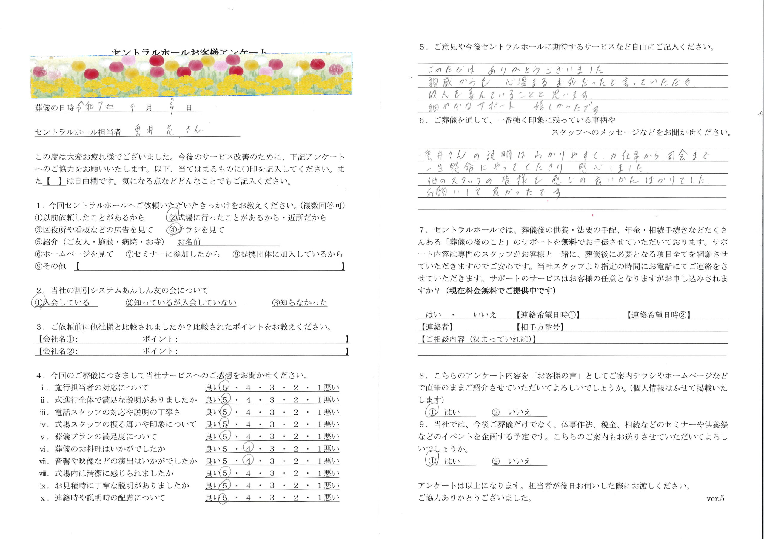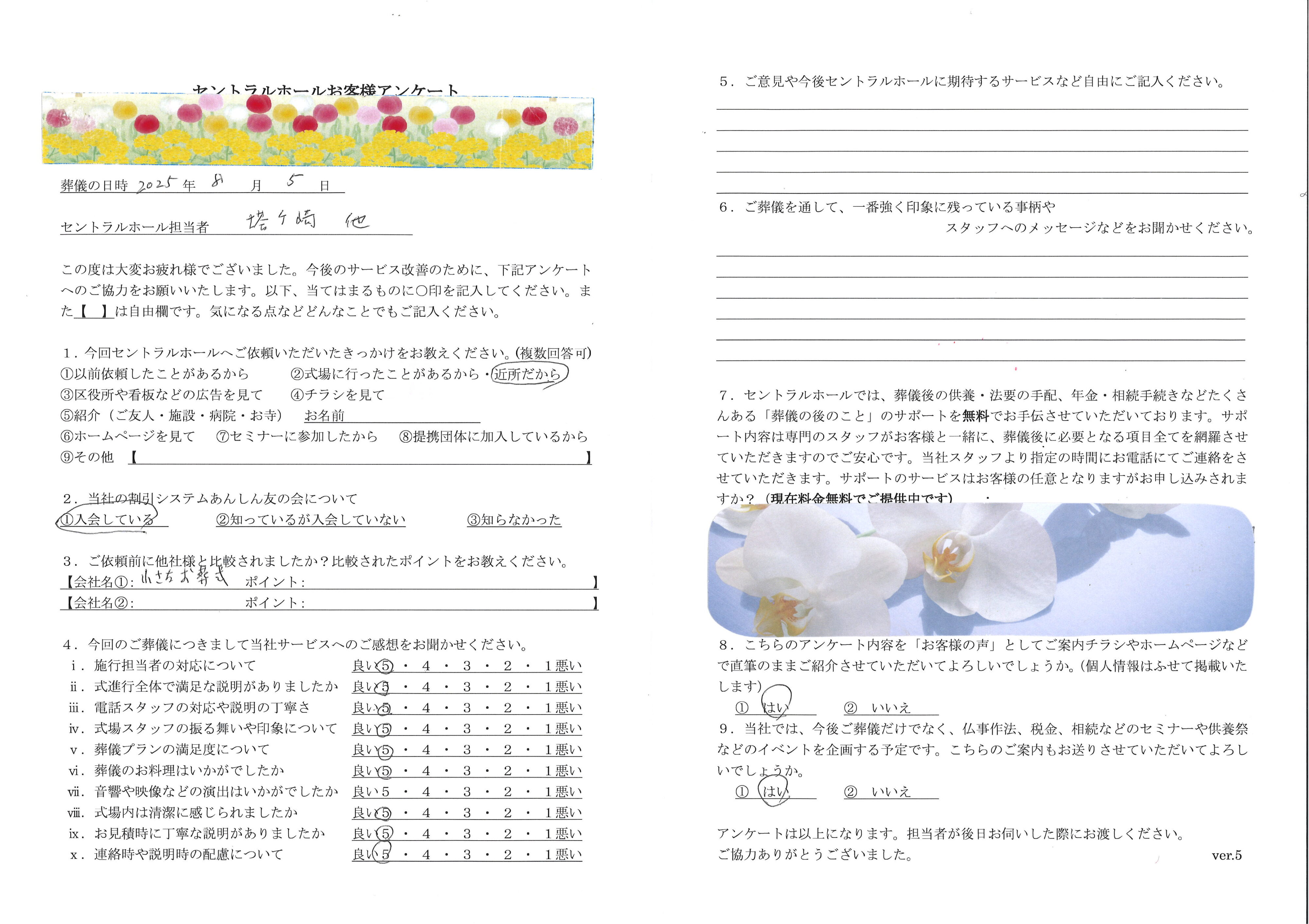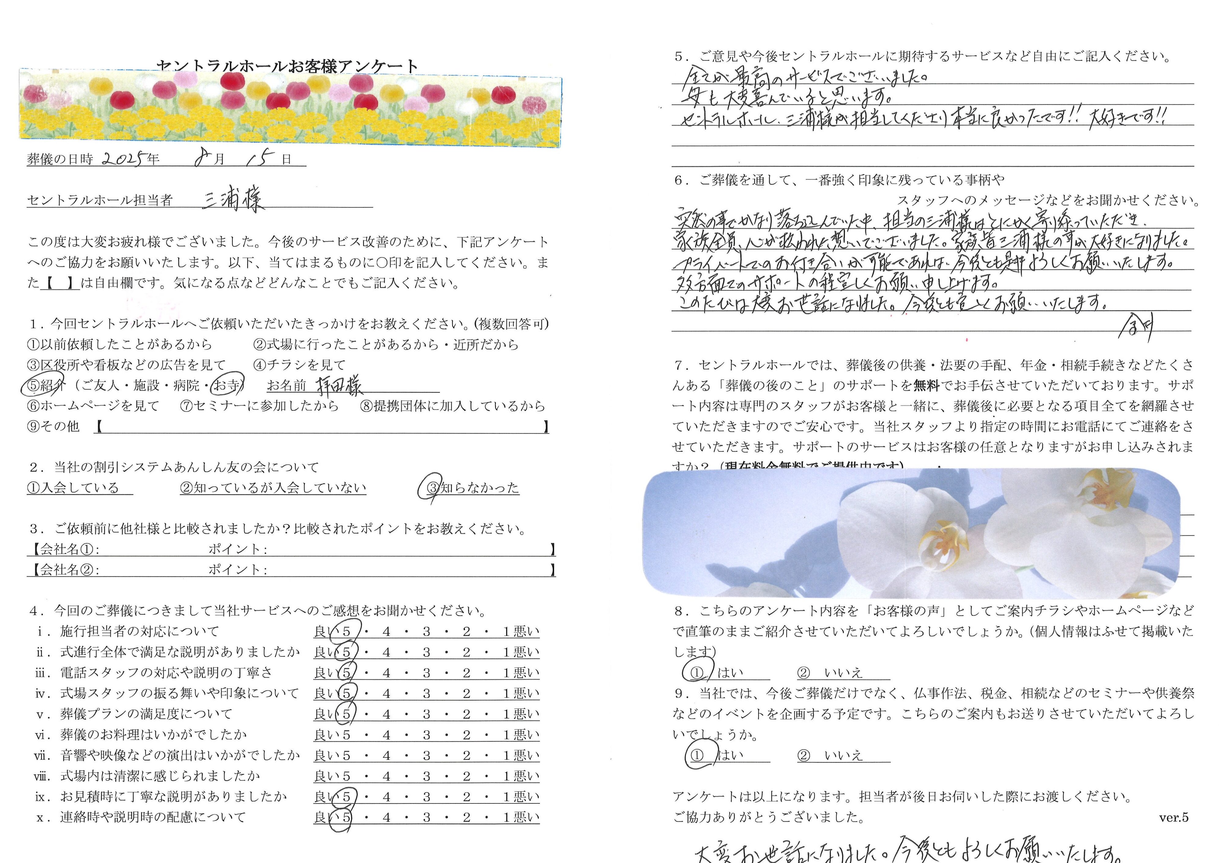 三浦さんのことが大好きになりました! 2025-08-15 セントラルホール上大岡駅前式場 様 プラン 火葬式(直葬) 人数 15 人 葬儀全体の満足度 90 点 担当者の対応 100 点 突然の事でかなり落ち込んでいた中、担当の三浦様はとにかく寄り添っていただき、家族全員心が救われた想いでございました。家族皆、三浦様のことが大好きになりました! プライベートでのお付き合いが可能であれば、今後とも是非よろしくお願いします。 多方面でのサポートの程よろしくお願い申し上げます。 この度は、大変お世話になりました。今後ともよろしくお願いいたします。
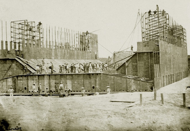 Ảnh của Charles Parant in trên giấy bạch đản chụp cảnh xây dựng bến tàu nổi ở Sài Gòn tháng 5/1864. Ảnh này thuộc bộ sưu tập của Trung tâm Lưu trữ Hải ngoại.
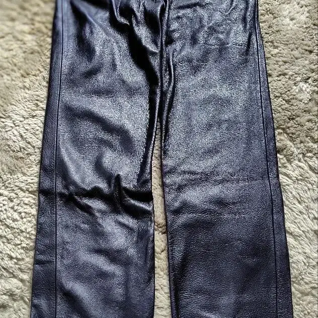 블랙 가죽 팬츠입니다. 청바지 타입으로 평소에도 추천합니다. 천연 가죽만의 질감이 있습니다.
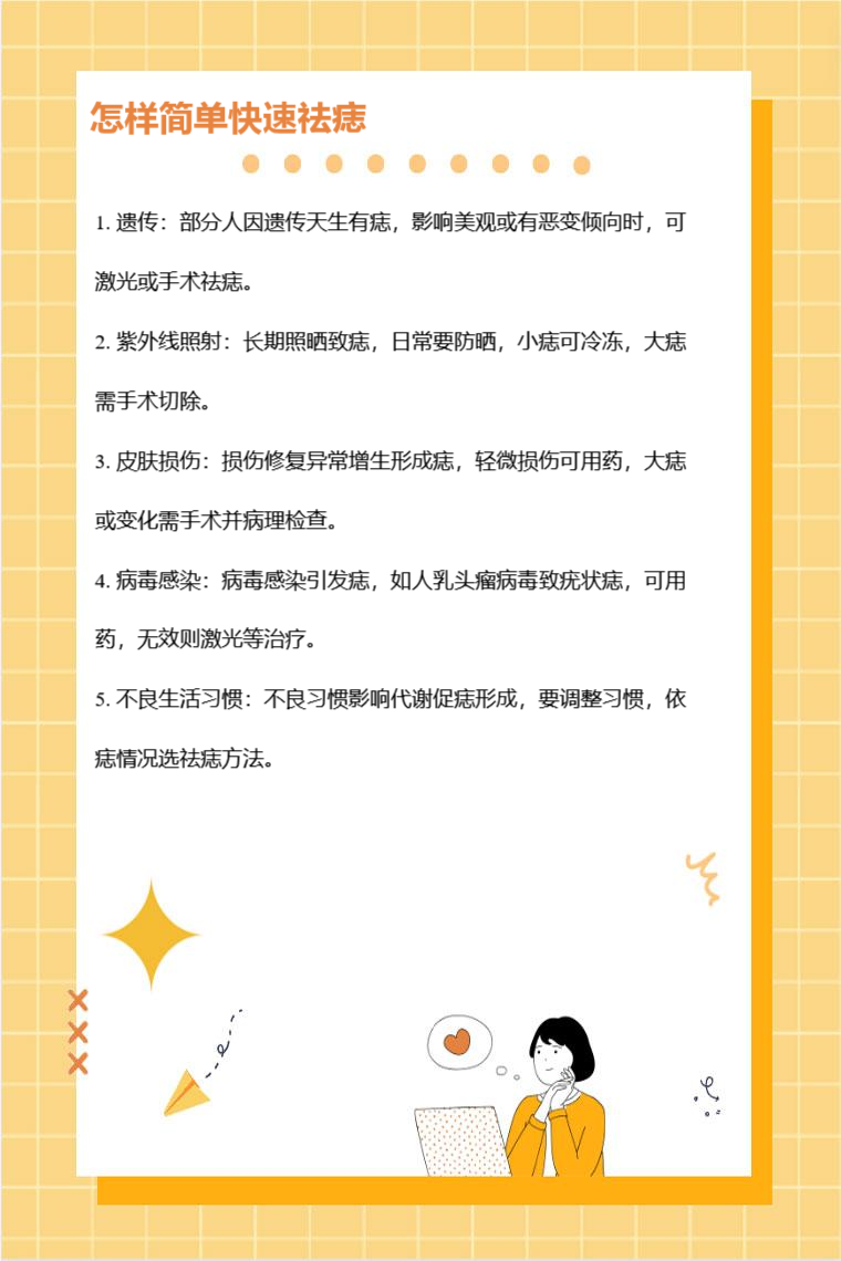 祛痣可能是遺傳、紫外線照射、皮膚損傷、病毒感染、不良生活習慣等因素,需要針對病因治療,可採取的方法有激光祛痣、手術切除等。
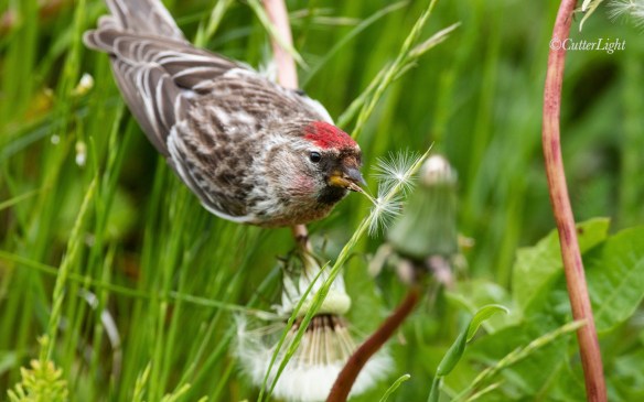 Redpolls (above), Pine Siskins and Pine Grosbeaks have been visiting daily to feast on Dandelion seeds around the playground outside our door. We watch them out the window as we cook and wash dishes and have been heartened by their cheerful songs and chatter  throughout the day as we come and go. I cautiously eased open our front door and took this photograph from our kellydoor, the local nomenclature for mudroom. If you haven’t checked out our video of these Dandelion seed eating finches, you can find it here: Finches of the Dandelion Jungle
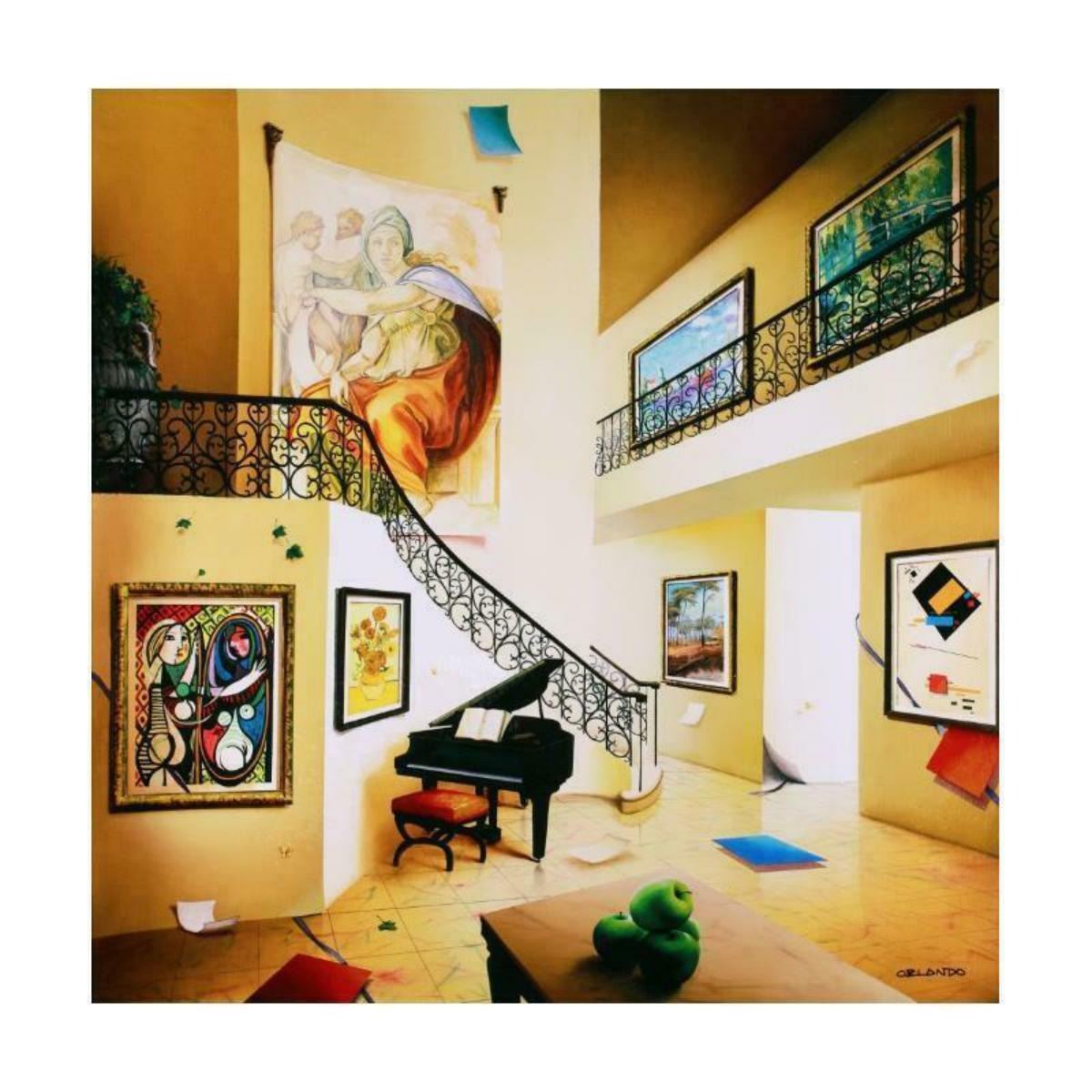 Orlando Quevedo, "Piano's Corner" Limited Edition on Canvas, Numbered and Hand Signed with Certifica
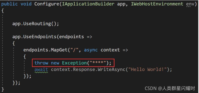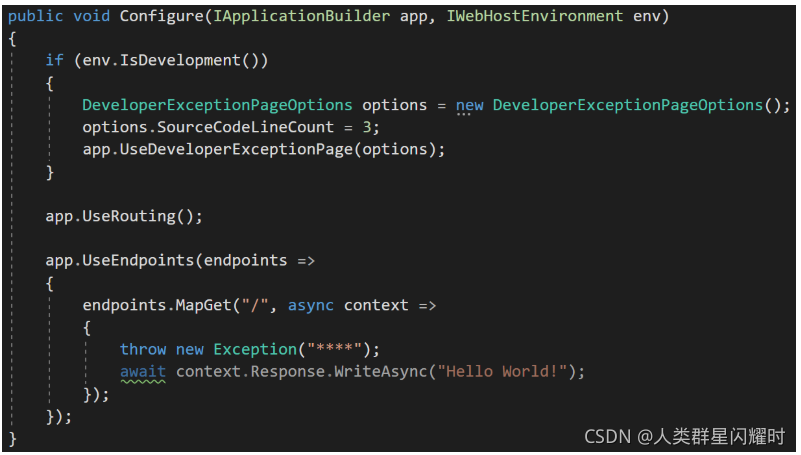 如果希望应用程序显示显示有关未处理异常的详细信息的页面,则需要在请求处理管道中配置开发人员异常页面中间件。为此,请修改Startup类的Configure 方法,如下所示,以添加开发人员异常页中间件,该中间件将处理应用程序中发生的未处理异常。
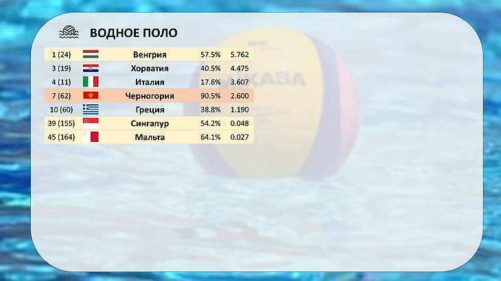 - Чехословакия - учитывается в Чехии (кроме водного поло – там результаты уходят Словакии)
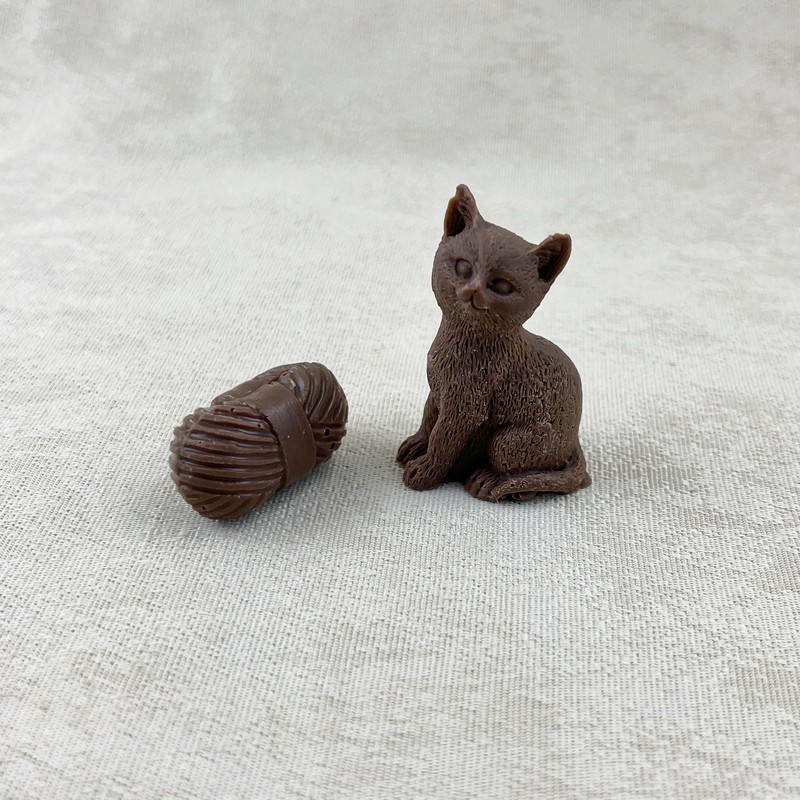 Chat et sa pelote en chocolat
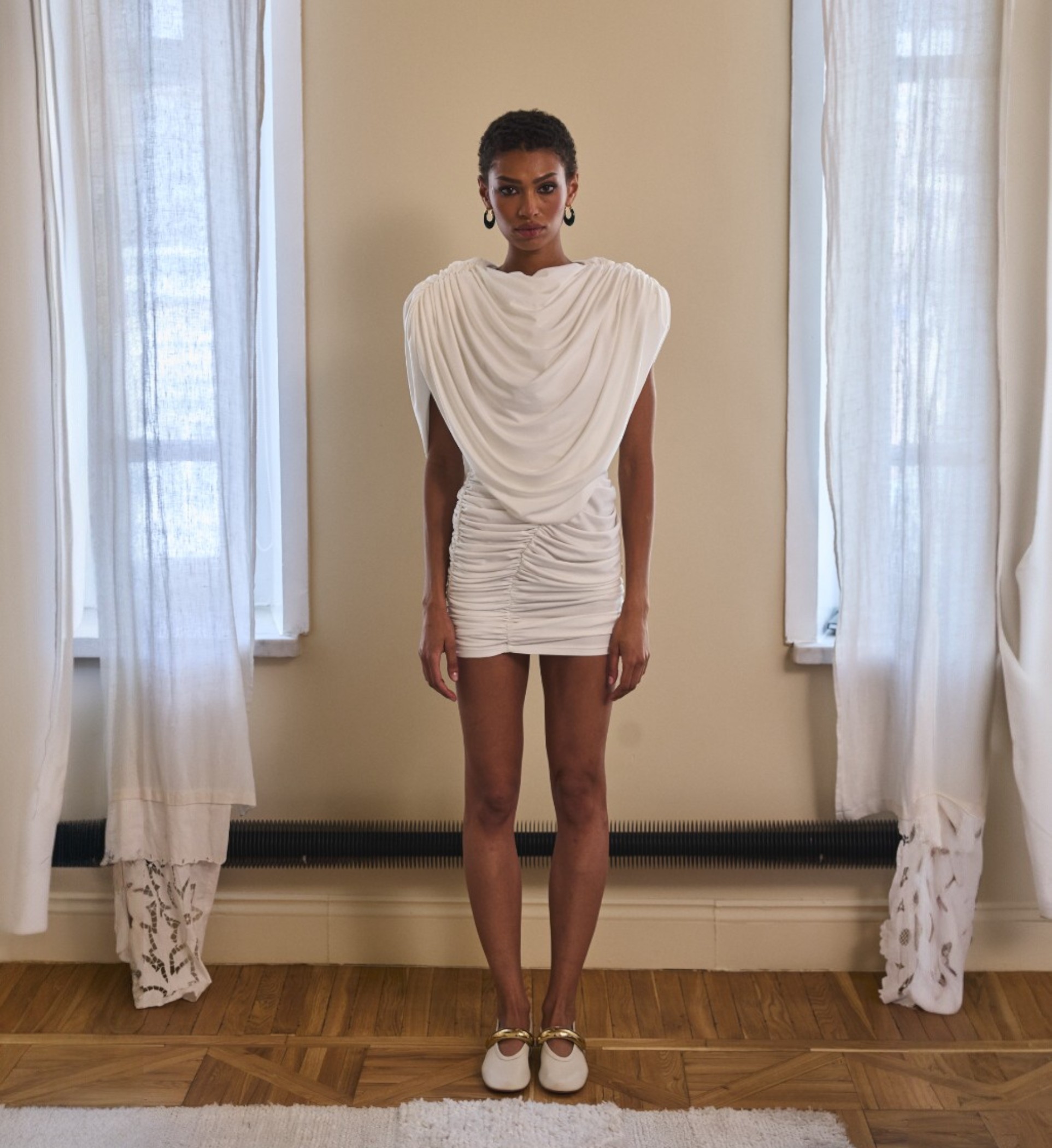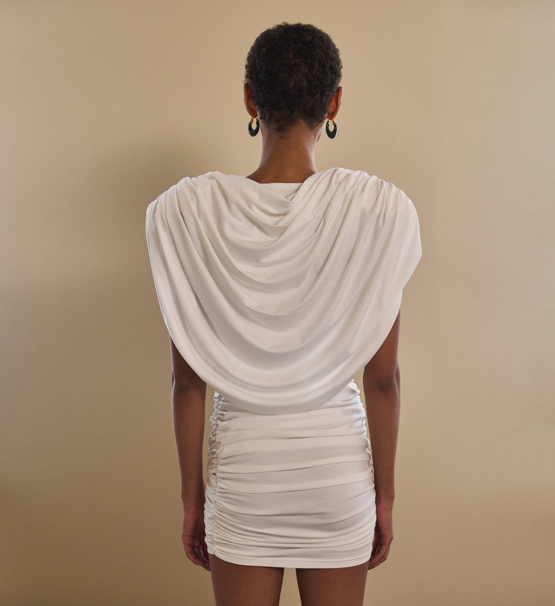 Платье с пелериной и сборками в длине мини из трикотажной вискозы в молочном цвете.

**PROBLEM TO SOLVE:** The answer is the full listing above, reproduced character for character, minus its images.

**EXERCISE RESULT:**
 三浦さんのことが大好きになりました! 2025-08-15 セントラルホール上大岡駅前式場 様 プラン 火葬式(直葬) 人数 15 人 葬儀全体の満足度 90 点 担当者の対応 100 点 突然の事でかなり落ち込んでいた中、担当の三浦様はとにかく寄り添っていただき、家族全員心が救われた想いでございました。家族皆、三浦様のことが大好きになりました! プライベートでのお付き合いが可能であれば、今後とも是非よろしくお願いします。 多方面でのサポートの程よろしくお願い申し上げます。 この度は、大変お世話になりました。今後ともよろしくお願いいたします。
 Ảnh của Charles Parant in trên giấy bạch đản chụp cảnh xây dựng bến tàu nổi ở Sài Gòn tháng 5/1864. Ảnh này thuộc bộ sưu tập của Trung tâm Lưu trữ Hải ngoại.
 블랙 가죽 팬츠입니다. 청바지 타입으로 평소에도 추천합니다. 천연 가죽만의 질감이 있습니다.
 祛痣可能是遺傳、紫外線照射、皮膚損傷、病毒感染、不良生活習慣等因素,需要針對病因治療,可採取的方法有激光祛痣、手術切除等。
 Redpolls (above), Pine Siskins and Pine Grosbeaks have been visiting daily to feast on Dandelion seeds around the playground outside our door. We watch them out the window as we cook and wash dishes and have been heartened by their cheerful songs and chatter  throughout the day as we come and go. I cautiously eased open our front door and took this photograph from our kellydoor, the local nomenclature for mudroom. If you haven’t checked out our video of these Dandelion seed eating finches, you can find it here: Finches of the Dandelion Jungle
 Orlando Quevedo, "Piano's Corner" Limited Edition on Canvas, Numbered and Hand Signed with Certifica
 如果希望应用程序显示显示有关未处理异常的详细信息的页面,则需要在请求处理管道中配置开发人员异常页面中间件。为此,请修改Startup类的Configure 方法,如下所示,以添加开发人员异常页中间件,该中间件将处理应用程序中发生的未处理异常。
 - Чехословакия - учитывается в Чехии (кроме водного поло – там результаты уходят Словакии)
 Chat et sa pelote en chocolat
 Платье с пелериной и сборками в длине мини из трикотажной вискозы в молочном цвете.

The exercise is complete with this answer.